DATA FOR PROCESSING –
▶

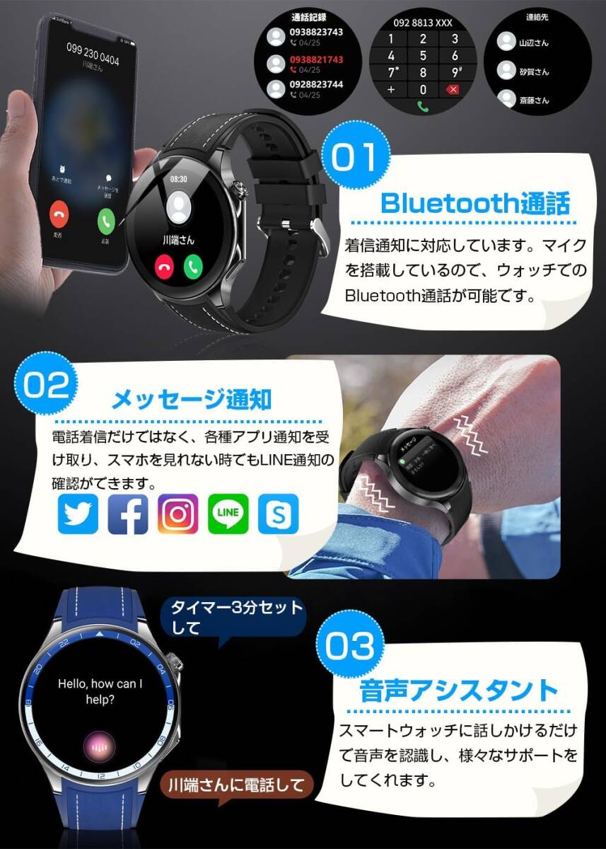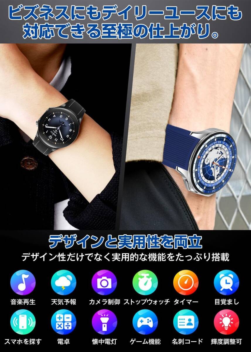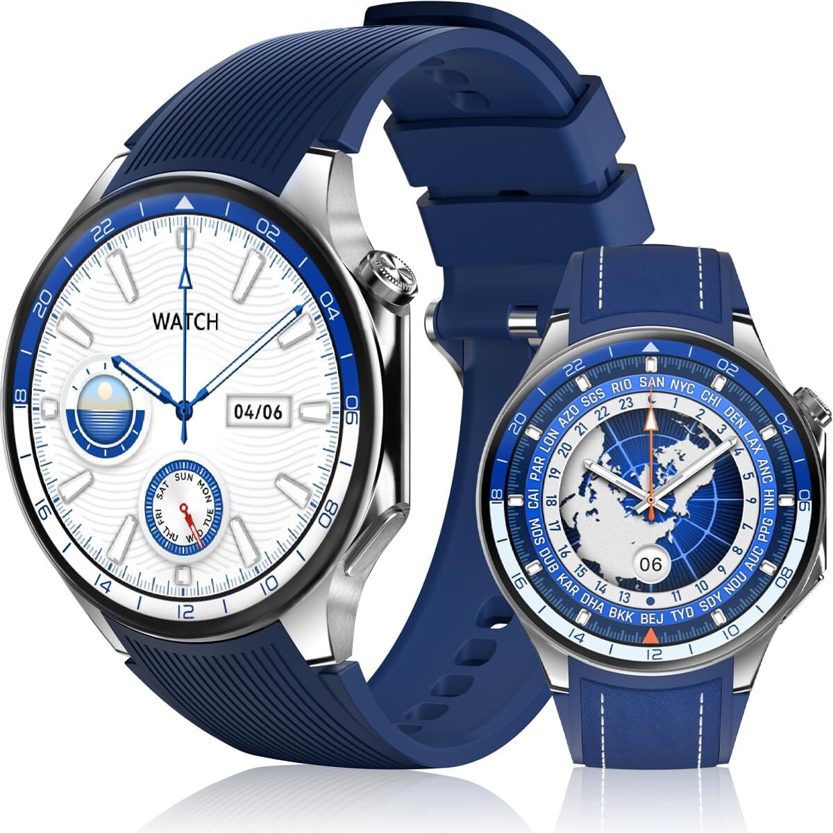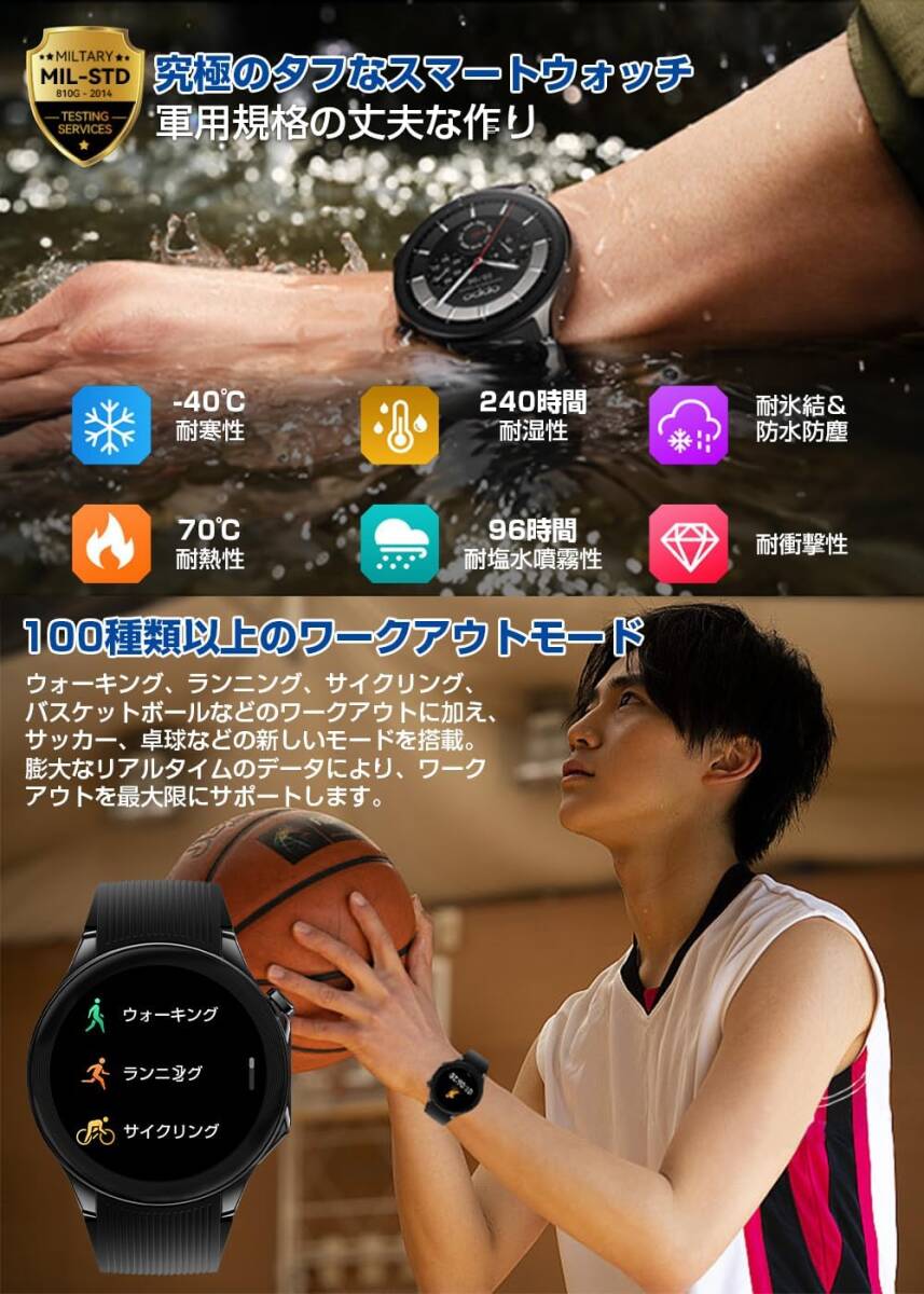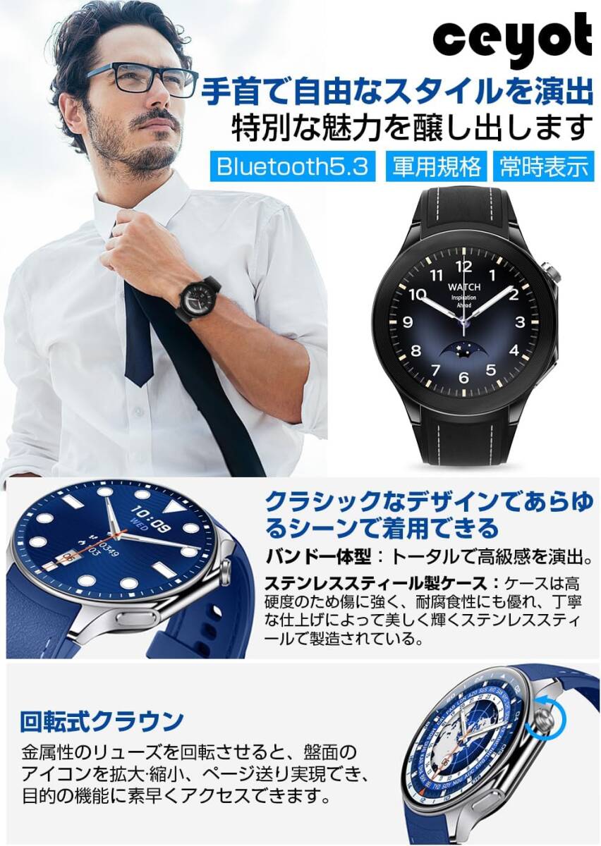 ブルー色 スマートウォッチ 丸型 メンズ 1.43インチAMOLEDディスプレイ 【2種ベルト付き 常時表示 軍用規格 】
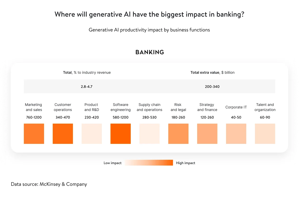 AI technology is set to benefit various business functions of banking. Experts predict that generative AI, in particular, could bring in an additional $200 billion to $340 billion in revenue and cost savings each year for banks, adding from 2.8 to 4.7 percent to the industry’s annual revenue:
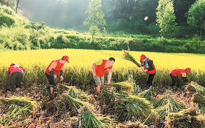 8月25日,重慶市豐都縣電力公司駐鸚鵡村幫扶工作隊(duì)和鸚鵡村黨員干部共20多名紅鐮志愿者頭頂烈日為貧困戶陳明福收割稻谷2.8畝。 |
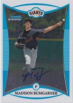 10) Madison Bumgarner, P Giants – Finally, another name that has historical value. His World Series exploits are the thing of legend. Had 120 victories and four All-Star appearances with San Francisco, along with a post-season ERA of 2.11. His 2008 Bowman Chrome RC Auto is valued at $60.
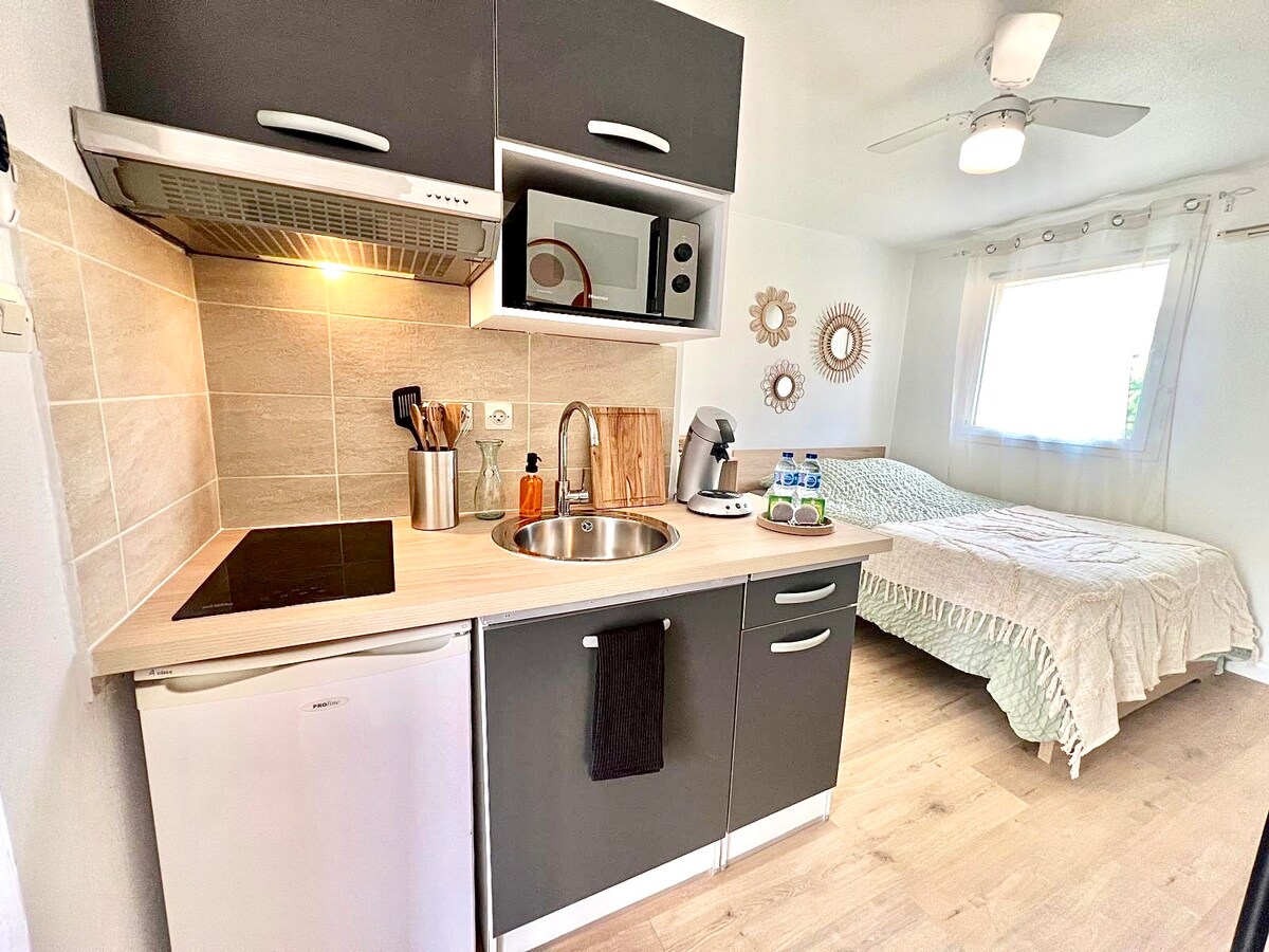 Verið velkomin í kokteilinn þinn í Avignon Þessi bjarta og vandlega skreyta stúdíóíbúð býður upp á róandi andrúmsloft. Það er fullkomlega staðsett gegnt sporvagninum og í 2 mínútna fjarlægð frá háskólanum og þar er auðvelt að komast að sögulega miðbænum og undrum hans. Þægilegt rúm, vel búið eldhús, þráðlaust net, loftvifta/hitari: Allt er hannað til að tryggja þægindi, hvort sem þú ert á ferðalagi, vinnuferð eða í vellíðun. Áður stúdentahúsnæði sem allir hafa nú aðgang að og eru öruggir.
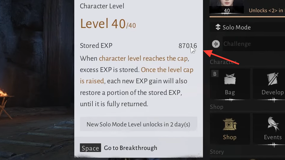 Because the payback is tied to new EXP gains, the more EXP-granting activities you do after a Breakthrough, the faster your stored pool drains. A few approaches help:
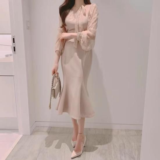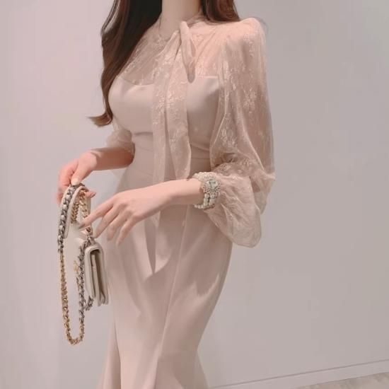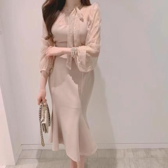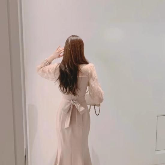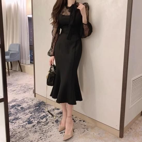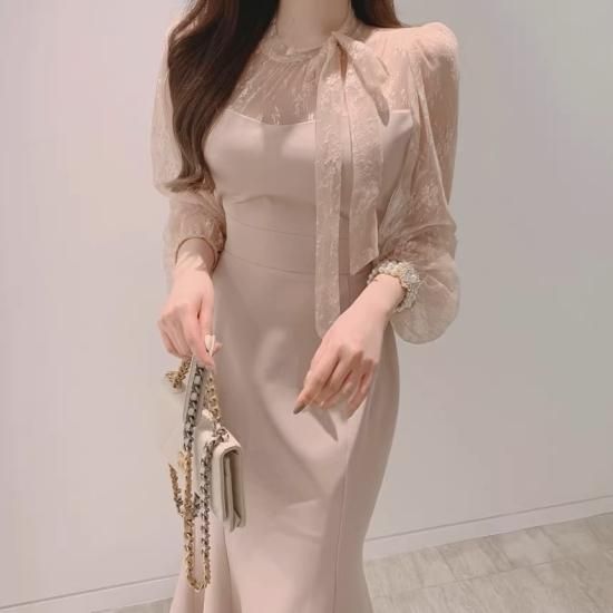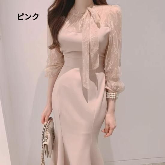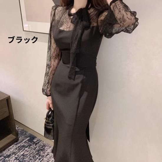 パーティードレス レディース マーメイド シースルー シアースリーブ 花柄レース タイト ワンピース リボンネック 長袖 2color エレガント 結婚式 演奏会 披露宴 謝恩会 二次会 おしゃれ
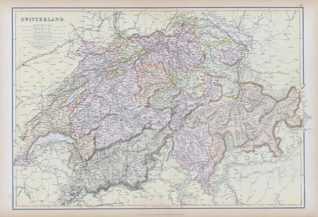 1882 - Very large original Antique Map titled: "SWITZERLAND"
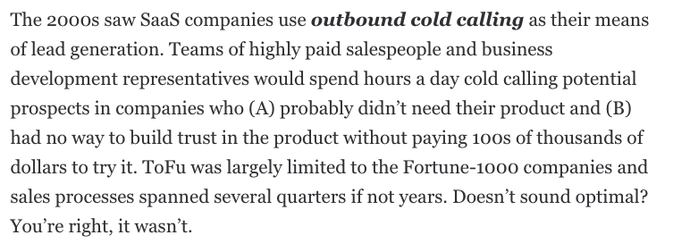 The promised land is presented as a place where you can acquire customers without cold calling prospects, you can acquire them cheaper than before, and freemium users will be early evangelists of your product since they’re already using it.
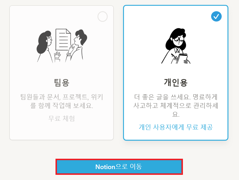 다음과 같이 간단하게 [개인용]으로 선택하여 무료로 회원가입을 진행할 수 있습니다. 참고로 무료 개인용도 꽤 사용할 만 합니다. 개인용도 5명의 게스트(guest)를 추가할 수 있고, 적은 용량이라면 파일 업로드가 가능하며, 실시간 공동 작업 및 링크 공유가 가능합니다. 또한 위키(wiki), 문서, 메모의 기능을 사용할 수 있습니다. 더불어 표, 리스트, 캘린더 등을 포함하여 문서를 작성할 수 있기 때문에 무료이지만 최소한의 기능을 제공한다고 볼 수 있습니다.
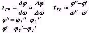Групповое время запаздывания – время распространения максимума энергии сигнала, состоящего из группы близких по частоте гармонических составляющих.
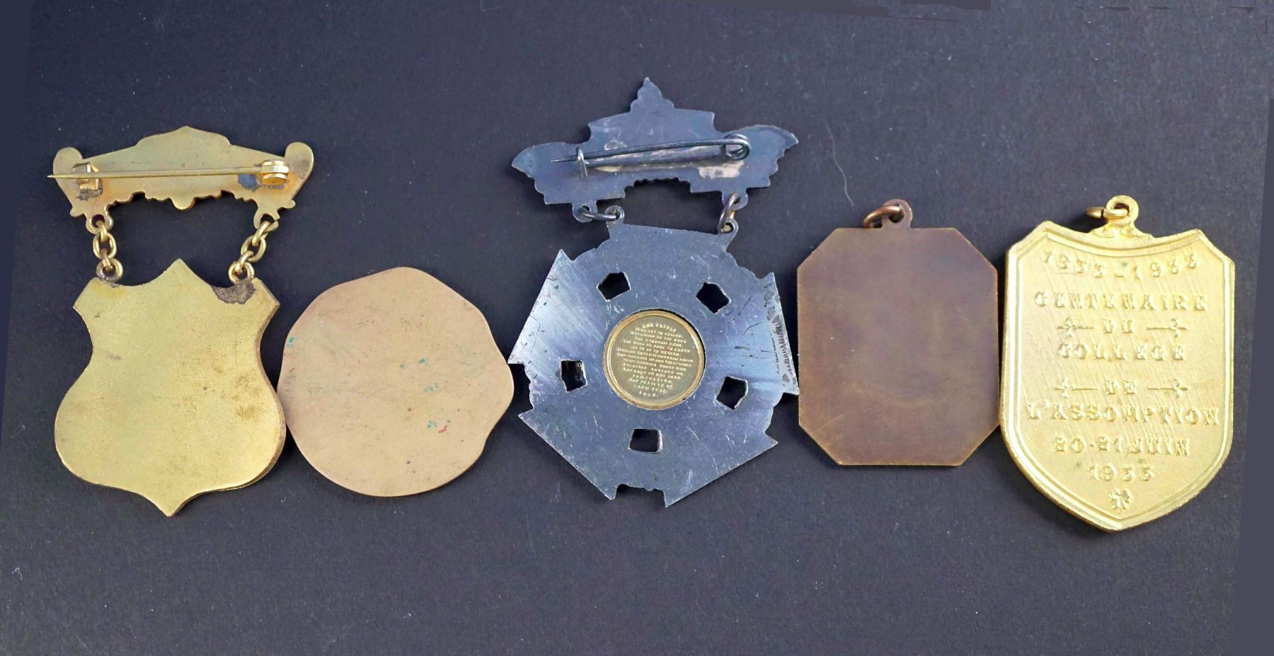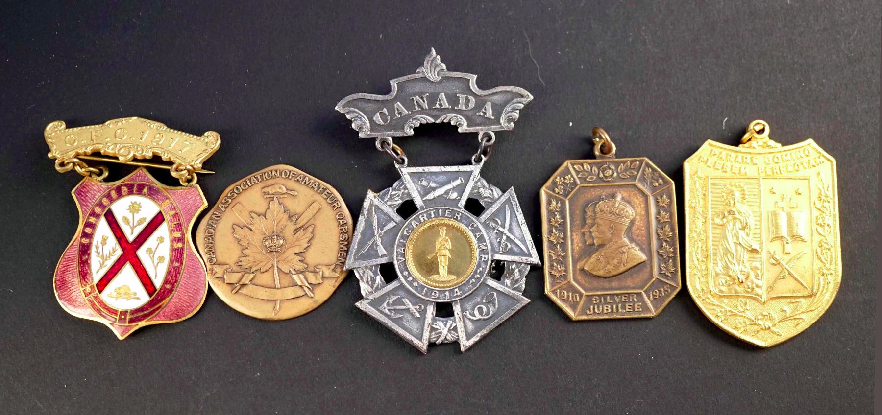 5 Pcs. Valcartier Camp w/header, Montréal shield w/hanger, Rowing Canada. AE-37, Edward & Georges 25 years reign w/loop and 1955 Collège de L'Assomption 48 x 32 mm. shield w/loop. Should be viewed.

◀

WHAT TO PRODUCE –
Images are not part of the copy. Everything else in the records must be reproduced exactly.

EXERCISE RESPONSE –
 ブルー色 スマートウォッチ 丸型 メンズ 1.43インチAMOLEDディスプレイ 【2種ベルト付き 常時表示 軍用規格 】
 AI technology is set to benefit various business functions of banking. Experts predict that generative AI, in particular, could bring in an additional $200 billion to $340 billion in revenue and cost savings each year for banks, adding from 2.8 to 4.7 percent to the industry’s annual revenue:
 8月25日,重慶市豐都縣電力公司駐鸚鵡村幫扶工作隊(duì)和鸚鵡村黨員干部共20多名紅鐮志愿者頭頂烈日為貧困戶陳明福收割稻谷2.8畝。 |
 10) Madison Bumgarner, P Giants – Finally, another name that has historical value. His World Series exploits are the thing of legend. Had 120 victories and four All-Star appearances with San Francisco, along with a post-season ERA of 2.11. His 2008 Bowman Chrome RC Auto is valued at $60.
 Verið velkomin í kokteilinn þinn í Avignon Þessi bjarta og vandlega skreyta stúdíóíbúð býður upp á róandi andrúmsloft. Það er fullkomlega staðsett gegnt sporvagninum og í 2 mínútna fjarlægð frá háskólanum og þar er auðvelt að komast að sögulega miðbænum og undrum hans. Þægilegt rúm, vel búið eldhús, þráðlaust net, loftvifta/hitari: Allt er hannað til að tryggja þægindi, hvort sem þú ert á ferðalagi, vinnuferð eða í vellíðun. Áður stúdentahúsnæði sem allir hafa nú aðgang að og eru öruggir.
 Because the payback is tied to new EXP gains, the more EXP-granting activities you do after a Breakthrough, the faster your stored pool drains. A few approaches help:
 パーティードレス レディース マーメイド シースルー シアースリーブ 花柄レース タイト ワンピース リボンネック 長袖 2color エレガント 結婚式 演奏会 披露宴 謝恩会 二次会 おしゃれ
 1882 - Very large original Antique Map titled: "SWITZERLAND"
 The promised land is presented as a place where you can acquire customers without cold calling prospects, you can acquire them cheaper than before, and freemium users will be early evangelists of your product since they’re already using it.
 다음과 같이 간단하게 [개인용]으로 선택하여 무료로 회원가입을 진행할 수 있습니다. 참고로 무료 개인용도 꽤 사용할 만 합니다. 개인용도 5명의 게스트(guest)를 추가할 수 있고, 적은 용량이라면 파일 업로드가 가능하며, 실시간 공동 작업 및 링크 공유가 가능합니다. 또한 위키(wiki), 문서, 메모의 기능을 사용할 수 있습니다. 더불어 표, 리스트, 캘린더 등을 포함하여 문서를 작성할 수 있기 때문에 무료이지만 최소한의 기능을 제공한다고 볼 수 있습니다.
Групповое время запаздывания – время распространения максимума энергии сигнала, состоящего из группы близких по частоте гармонических составляющих.
 5 Pcs. Valcartier Camp w/header, Montréal shield w/hanger, Rowing Canada. AE-37, Edward & Georges 25 years reign w/loop and 1955 Collège de L'Assomption 48 x 32 mm. shield w/loop. Should be viewed.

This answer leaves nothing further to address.